Richard works to improve central city
           Downtown Spokane, in true Dickensian style, offers the best of times and some not-so-good times.
            The city center has a burgeoning University District, a reviving Riverfront Park, renewed energy with hundreds of new apartments and the promise of a new sports complex and a central city bus line.
            But in Spokane, like many cities, homelessness clogs spaces with blue tents and there seems no end to addiction problems. And too many residents say they can’t find cheap and easy parking.
            For many, Downtown Spokane is a shiny boutique small city, warm and welcomed in many ways envious to the crowded Puget Sound or high-cost San Francisco Bay Area.
            And, despite a River Park Square, others long for the old holiday magnetic charm of a Macy’s or The Crescent.  
            One person in the eye of the urban storm is Mark Richard.  He’s president of the Downtown Spokane Partnership and its cousin, the Downtown Spokane Business Improvement District.  They are private, not-for-profit agencies which fill their holiday stockings with dreams and possibilities.
            Richard, a Spokane native, worked in real estate and served two terms as a county commissioner, before joining the new Downtown Partnership in 1995.  That was a time, he told the club Dec. 17, that “retail was struggling and they turn off the lights at 5 p.m.”
            He said the Downtown District generally is bounded by Division to Monroe from the railroad line to the north bank of the Spokane River.  But much of the new downtown energy has been fueled by the adjacent urban community of Kendall Yards and the Riverpoint District with two new medical schools and campus ties from WSU, Eastern and Gonzaga.  New arterials and a new skywalk are extending development to East Sprague.

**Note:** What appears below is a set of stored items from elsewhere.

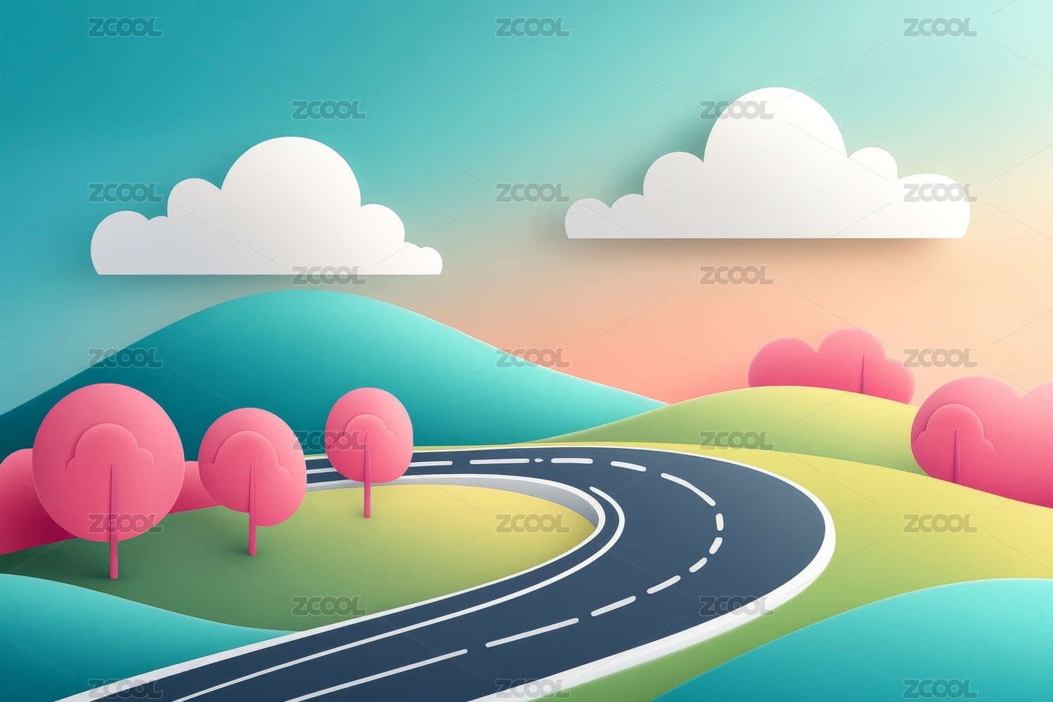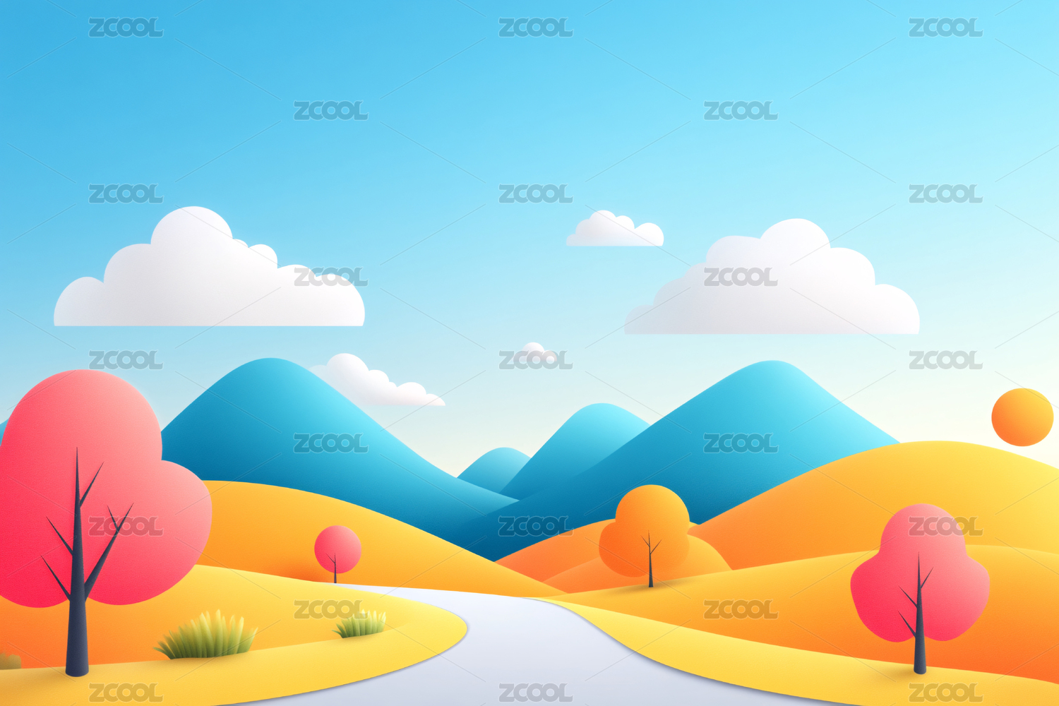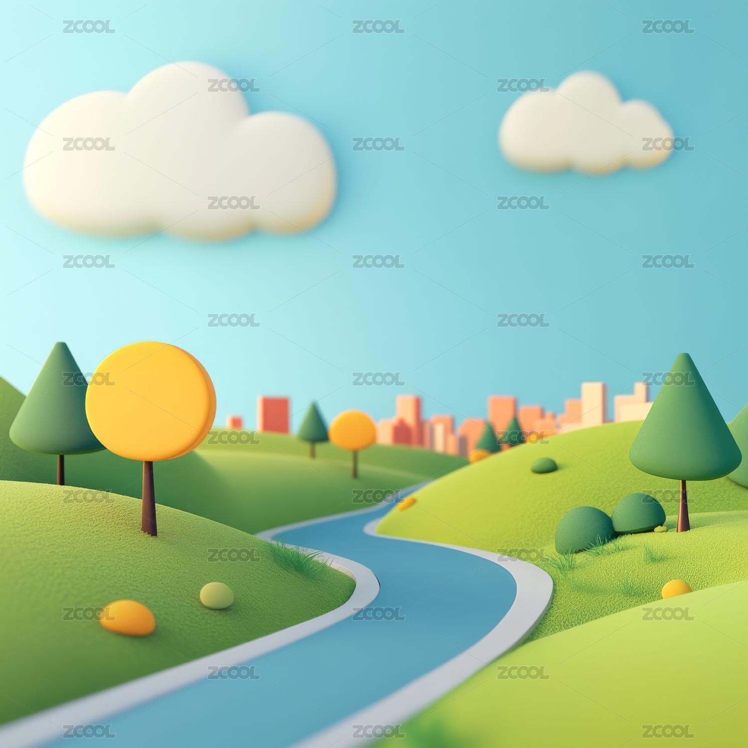 卡通风格的田园风光与蜿蜒小路
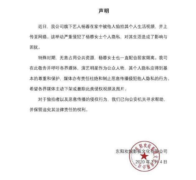 此举引发了广大网友的满。作为媒体来讲,不论是公司还是个人,均无权在未取得对方同意的情况下拍摄且上传他人生活隐私,杨蓉所在的东阳欢娱影视文化有限公司对此很快做出了回应:
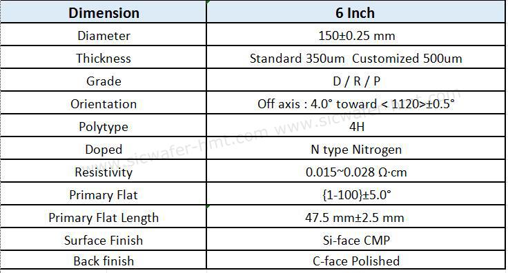 6 inch SiC Substrate Basic Parameters
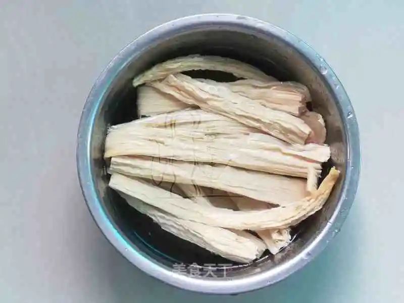 9. 加入腐竹,再加小半碗水,加盖焖煮5分钟左右。

            The expanded rubber-tired rail line will connect Browne’s Addition to Spokane Community Center, allowing a transportation corridor in which some of the 60,000 people who come downtown daily can park on the periphery, then play and work in the central city.   

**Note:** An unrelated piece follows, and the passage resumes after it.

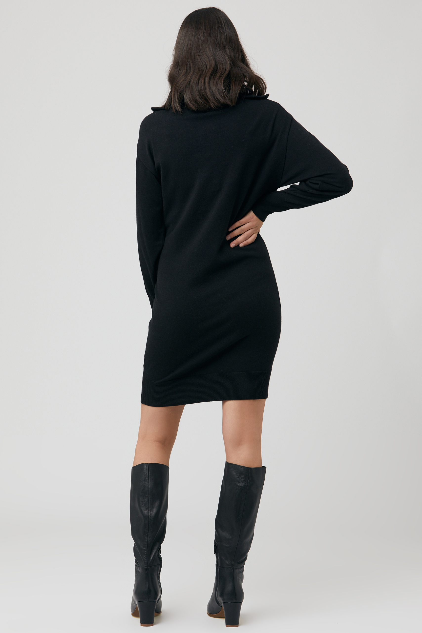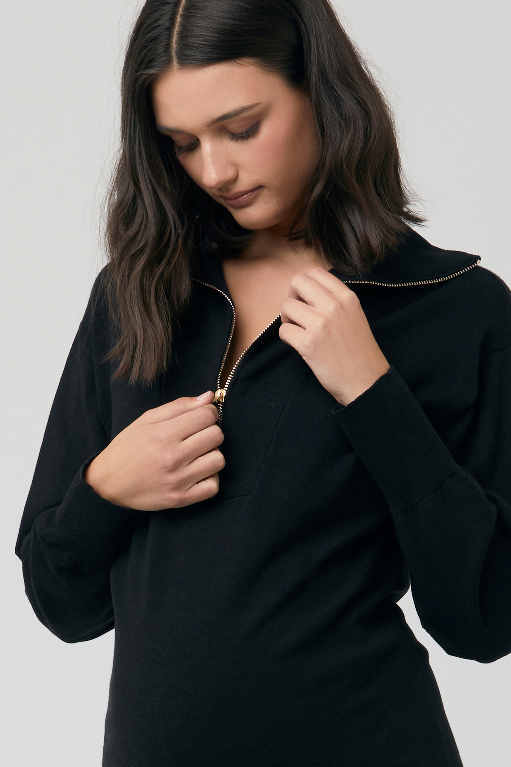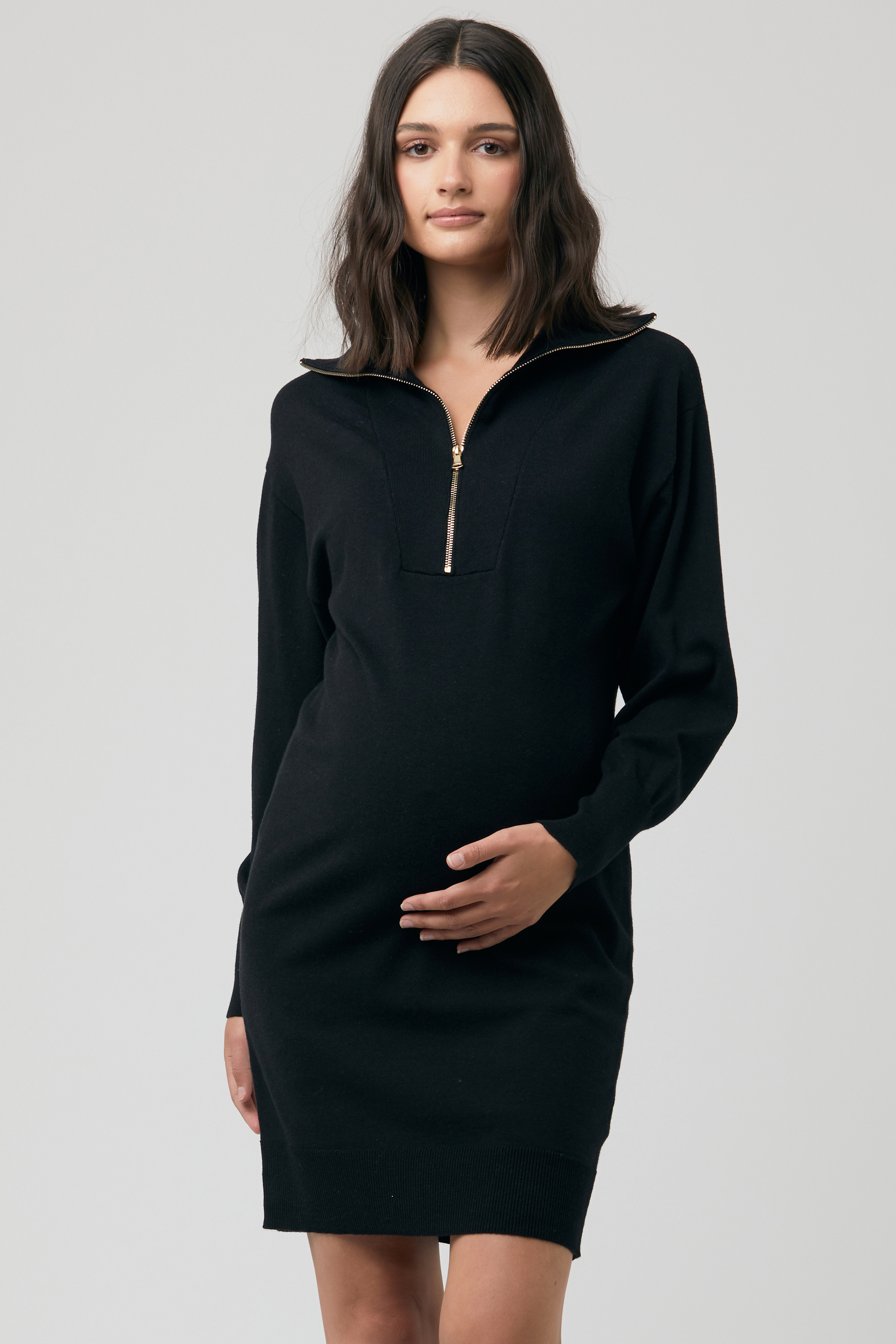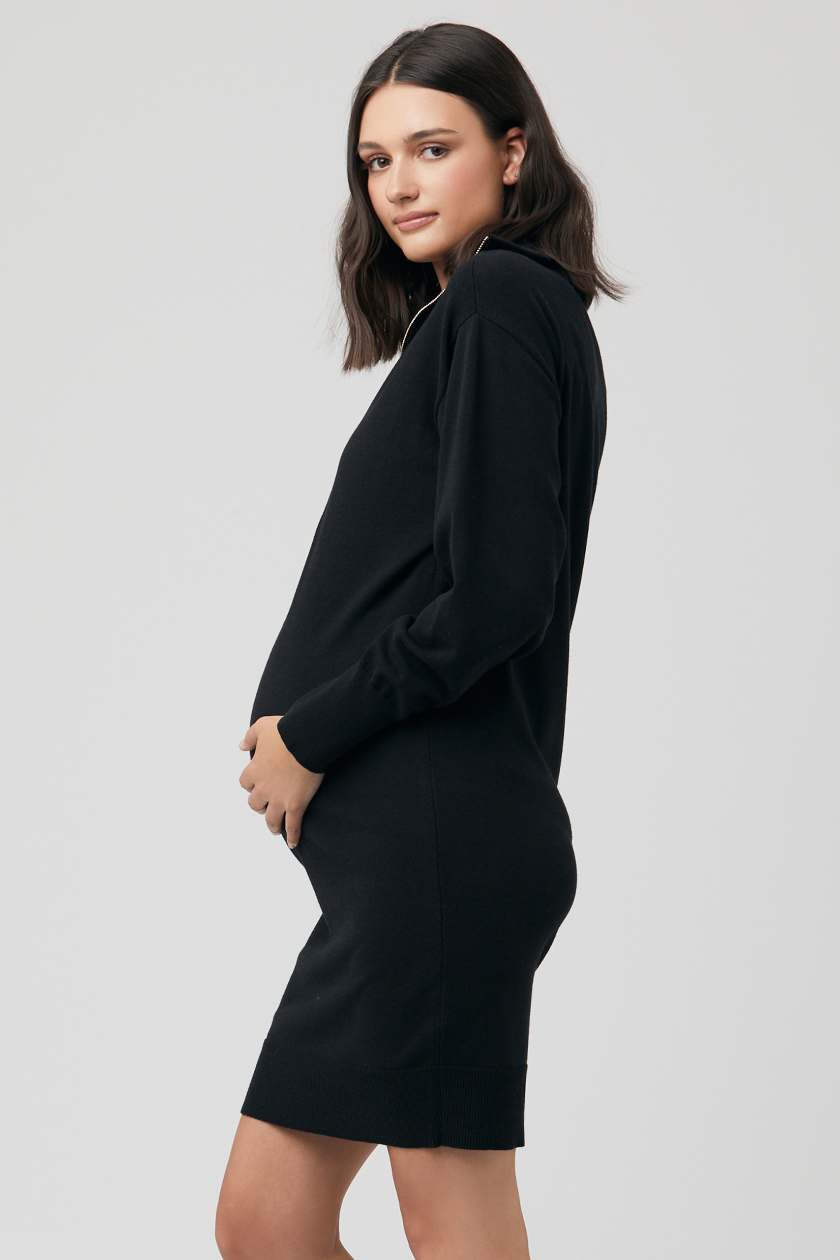 Short maternity and nursing dress in soft stretch jersey with long sleeves. The casual cut leaves enough room for your baby bump until birth. A special highlight is the golden zip at the chest, which gives you quick and easy access to nurse. You can also wear the dress later without the baby bump. Colour: black

            “We’ve got 1,200 businesses, part of the vibrancy, which create compelling reasons to come downtown, and not just sit in their jammies while they shop online,” Richard said.

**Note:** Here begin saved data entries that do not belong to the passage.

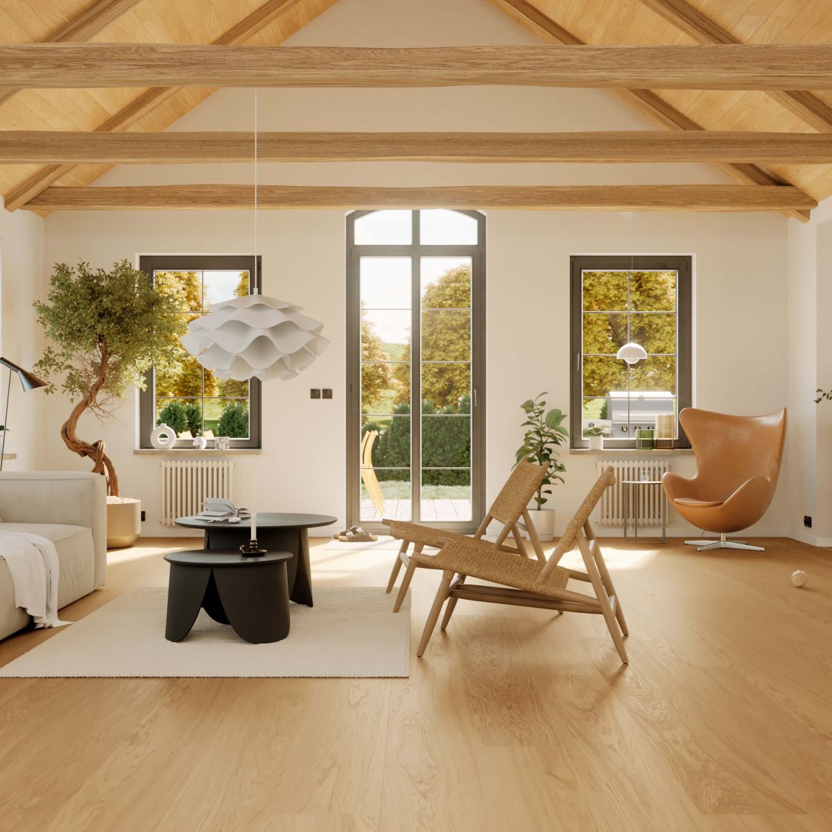 Norrlia je prirodan mat-lakirani učvršćeni drveni pod klasičnog švedskog dizajna koji u vaš dom donosi dašak prirode. Odlikuje se smirujućom nijansom Natural, kao i urednom i skladnom klasom Select. Ovaj proizvod klase 33 izrađen je od europskog hrasta s certifikatom Vijeća za nadzor šuma (FSC), a odlikuje se izuzetnom izdržljivošću te je idealan za prometne prostore kao što su hoteli, trgovine, uredi i kafići – ili ulaz u vaš dom. Mat-lakirana završna obrada pod čini jednostavnim za održavanje te ga istovremeno štiti od mrlja.
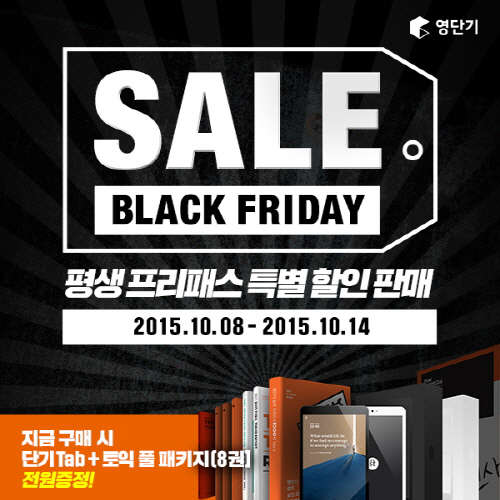 또, 7일간의 특별 할인판매 기간인 블랙프라이데이에 '전강좌 평생 프리패스'를 구매하고 3만 7천원만 추가로 지불하면 교육용 태블릿pc 단기탭 32G를 추가로 증정한다. 또한 1444명의 단기 고득점 비법인 토익 단기 졸업 풀패키지 8권을 100% 전원에게 제공하며 카카오톡 바른생활 이모티콘도 무료로 증정한다.
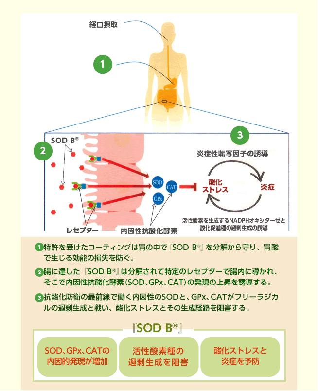 こうした悪影響を予防するには、過剰な活性酸素を無害化し、酸化と抗酸化のバランスをうまく取る必要がある。 体内にはそうした機能が備わっており、それを最前線で担っているのが私たち自身の身体が作り出しているSODを初めとする3つの抗酸化酵素で、一次性抗酸化物とも呼ばれている。 ここで処理しきれない活性酸素は、二次性抗酸化物と呼ばれる体外から摂取したポリフェノールや、ビタミン、ミネラルなどの抗酸化物が対応する。

            His Christmas list includes a renewed Ridpath and a revived Otis Hotel. He also would like Santa to bring a “zip line” ride from the downtown library area to Glover Field in Peaceful Valley, an attraction hoping to bring more young folks.
            Richard said while initially he was “terrified” when Macy’s closed downtown, he realized that most of the upper levels of the building “have been vacant for years.”  Thus the former Bon will fill some high-end apartments with a downtown view will be part of the downtown boom.  It’s a pattern followed by the downtown J.C. Penney Building and The Chronicle.
            Other nearby venues in redevelopment are the former Wonder Bread building and the old Y.W.C.A., and new owners have emerged for the two Red Lion hotels.  He also hopes the school district will try another vote on relocating a high school stadium on the north bank.  And he hopes for development “like a mini-Pike Place,” with food shops, art and crafts.
            Several initiatives have been developed for safety and comfort downtown, Richard said.  Staff members work Mondays through Saturdays on “Clean Teams” who pick up garbage and as Security Ambassadors who help police to calm disturbances and other issues.
            Issues like homelessness and addiction “are finding their way into neighborhoods and shopping centers, not just downtown,” Richard said.
            One remedy, he said, is “sit and lie laws” with criminal citations, but also ways to find lodging and work.  “It may take an order to snap some of them out of it, but if they comply, the ticket will be torn up,” Richard said.
            “They have to make a tough choice.  We administer tough love, but we are losing a generation to drugs,” he said.
            In response to a question, Richard said he opposes expanding the three-member county commission to five, because “the state shouldn’t tell what our voters want to decide.”  He also said “my wife would kill me” when asked if he would consider running for mayor.